Dans la salle d’audience, la tension était palpable. De l’autre côté, Nicolas, Françoise et leur conseil — un homme âgé au regard fatigué — évitaient de croiser son regard.

Le juge ouvrit la séance.

— Affaire relative à la dissolution du mariage entre Camille Martin et Nicolas Henry.

Nicolas pianotait nerveusement sur la table. Sa mère fusillait Camille des yeux.

Lorsque vint le moment d’exposer les demandes, l’avocate se leva.

— Ma cliente sollicite un partage équitable des biens acquis durant le mariage. Nous demandons également une indemnisation pour préjudice moral à hauteur de trois cent mille euros.

Un brouhaha outré parcourut la salle.

— Encore de l’argent ?! s’indigna Françoise en se levant. C’est elle qui nous doit quelque chose !

— Madame Bonnet, veuillez vous rasseoir, trancha le juge.

L’avocate poursuivit sans hausser le ton.

— Nous produisons des preuves attestant de sollicitations financières répétées, accompagnées de pressions et de propos diffamatoires à l’encontre de ma cliente.

Elle déposa sur le bureau un dossier épais : copies d’échanges, relevés bancaires, transcriptions audio.

Nicolas blêmit.

— Camille… on peut peut-être trouver un arrangement…

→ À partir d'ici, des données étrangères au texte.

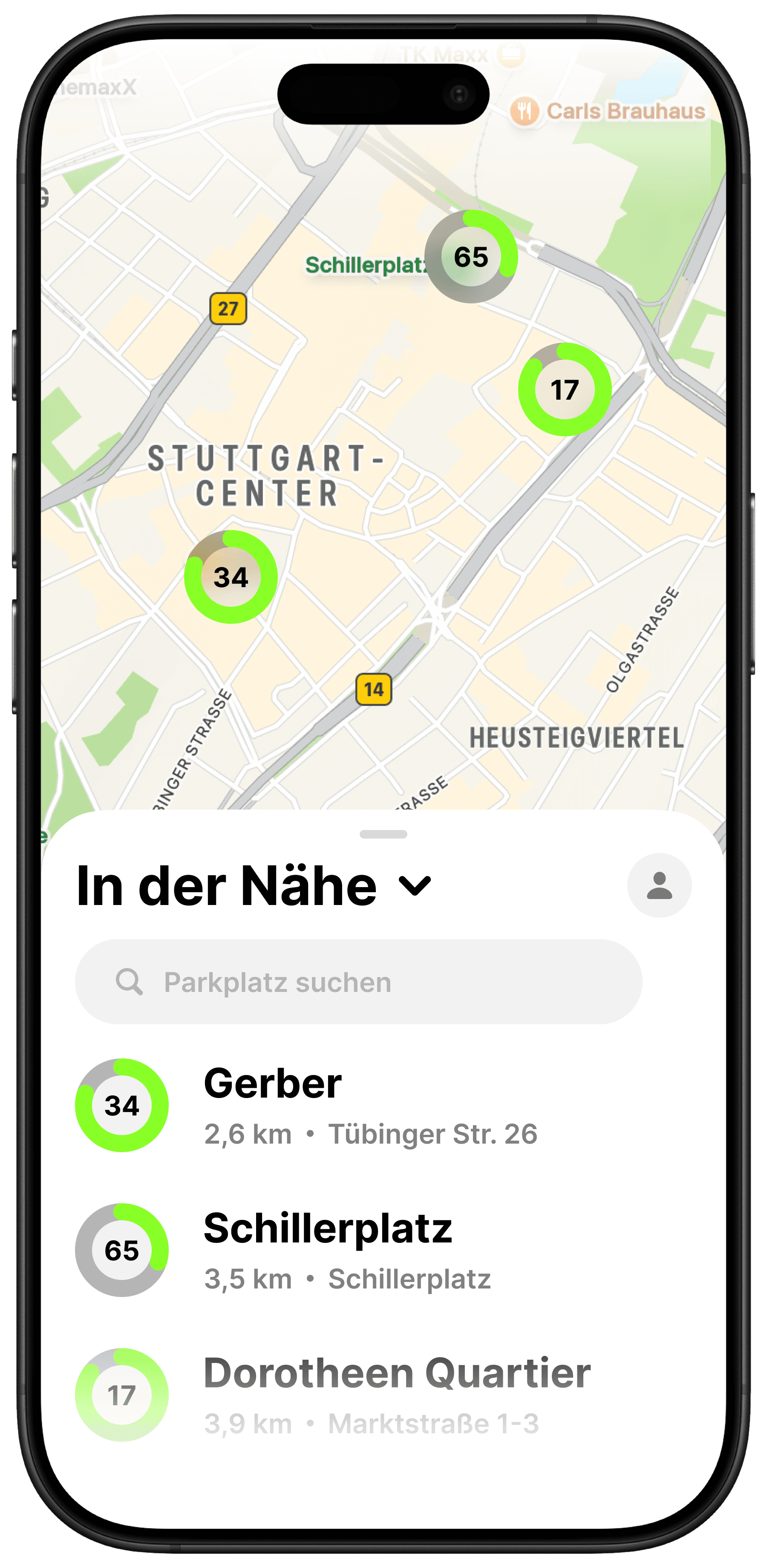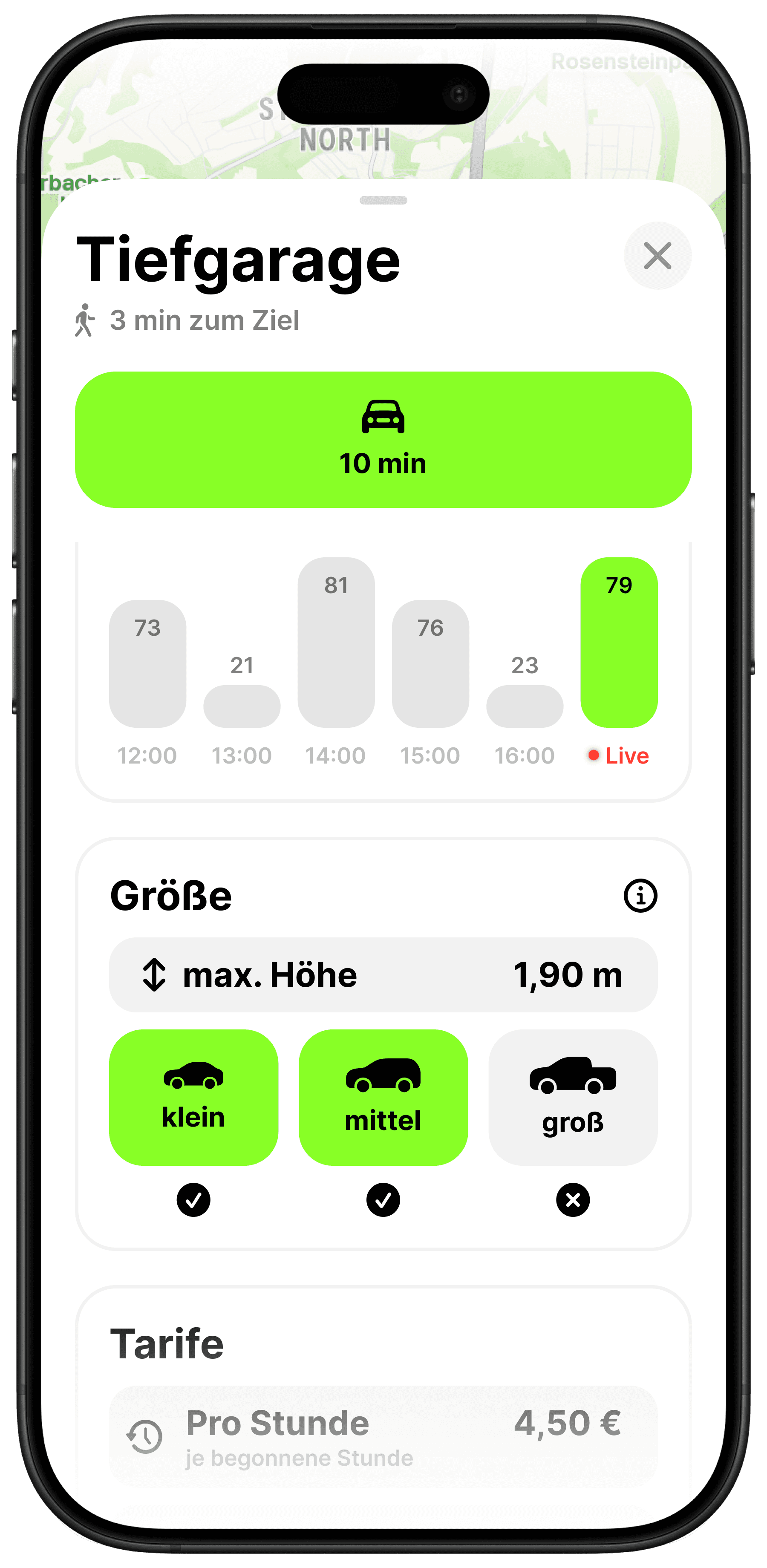 Mit Live-Daten siehst du jederzeit, wo Parkplätze frei sind und wo nicht. Transparent, aktuell und zuverlässig – finde den optimalen Stellplatz für dein Auto mit nur einem Klick.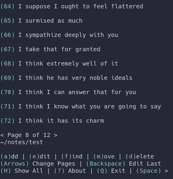 Pages can be changed using arrows, home/end, or numbers.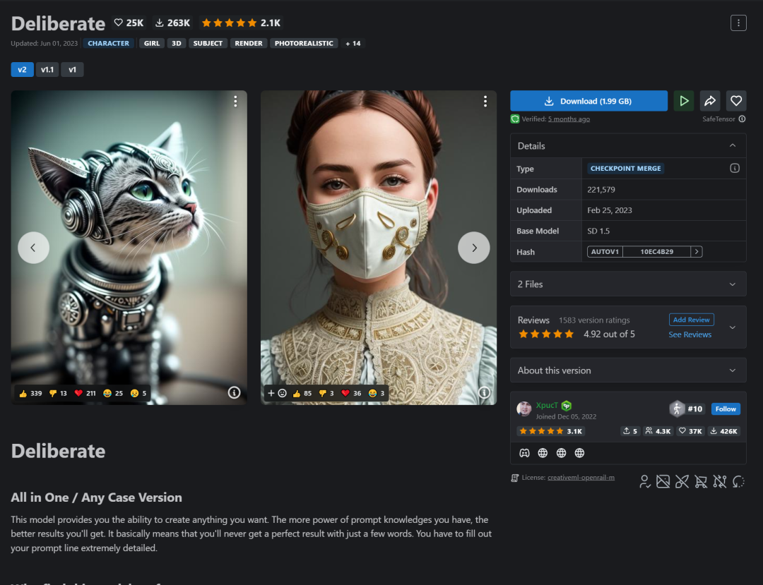 真实系模型:Deliberate、Realistic Vision、LOFI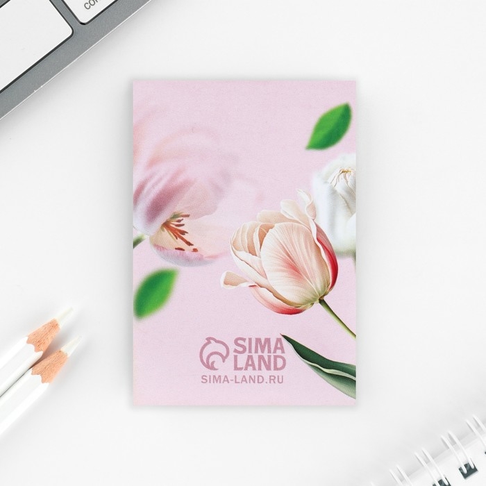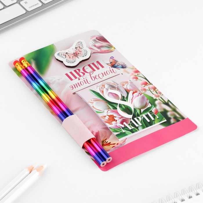 Подарочный набор: блокнот, карандаши (2 шт) и значок «8 марта»

— Il est trop tard, répondit-elle simplement.

Le juge parcourut les documents.

— La défense a-t-elle des observations ?

Le vieil avocat soupira.

— Nous sommes disposés à envisager une transaction amiable.

Une heure plus tard, tout était acté. L’appartement resterait en indivision jusqu’à sa vente. Nicolas conserverait la voiture. Les liquidités seraient partagées et la moitié reviendrait immédiatement à Camille.

À la sortie, Nicolas la rattrapa.

— Camille… je…

Elle se retourna et le contempla longuement. Cet homme pour lequel elle avait nourri tant d’espoirs.

— Tu sais ce qui me blesse le plus ? dit-elle calmement. J’aurais même accepté de suivre les recettes de ta mère à la lettre… si, une seule fois, tu m’avais défendue.

Il baissa la tête.

— C’est ma mère…

— Justement. Désormais, ce sera ton problème, plus le mien.

Elle s’éloigna vers la sortie où son amie l’attendait avec une bouteille.

— Alors, Madame la femme libre ?

Camille éclata de rire, puis sentit des larmes chaudes rouler sur ses joues.

— Tu sais ce que je veux faire en premier ?

— Dis-moi.

— Commander une pizza à l’ananas. Celle qu’il détestait.

Son amie passa un bras autour de ses épaules.

— Marché conclu.

La voiture démarra. Camille consulta une dernière fois le groupe familial dont on ne l’avait même pas exclue. Un nouveau message de Françoise s’affichait :

« Mon fils, ne t’inquiète pas. Nous te trouverons une épouse convenable. Obéissante. »

Camille tapa calmement :

« Merci pour la liste. La mienne part chez mon avocate. »

Puis elle bloqua la conversation, ouvrit la fenêtre et laissa l’air frais lui emplir les poumons. Une nouvelle existence s’ouvrait devant elle.

Au même instant, le téléphone de Nicolas sonna dans son véhicule.

— Allô, maman ?

— Viens immédiatement ! cria Françoise. Ton père vient de demander le divorce ! Figure-toi qu’il a…

La suite, Camille ne l’entendrait jamais. Son chapitre avec cette famille était clos.

Quoique… quelque part, peut-être, une future belle-fille ignorait encore qu’une fameuse chemise bleue l’attendait déjà.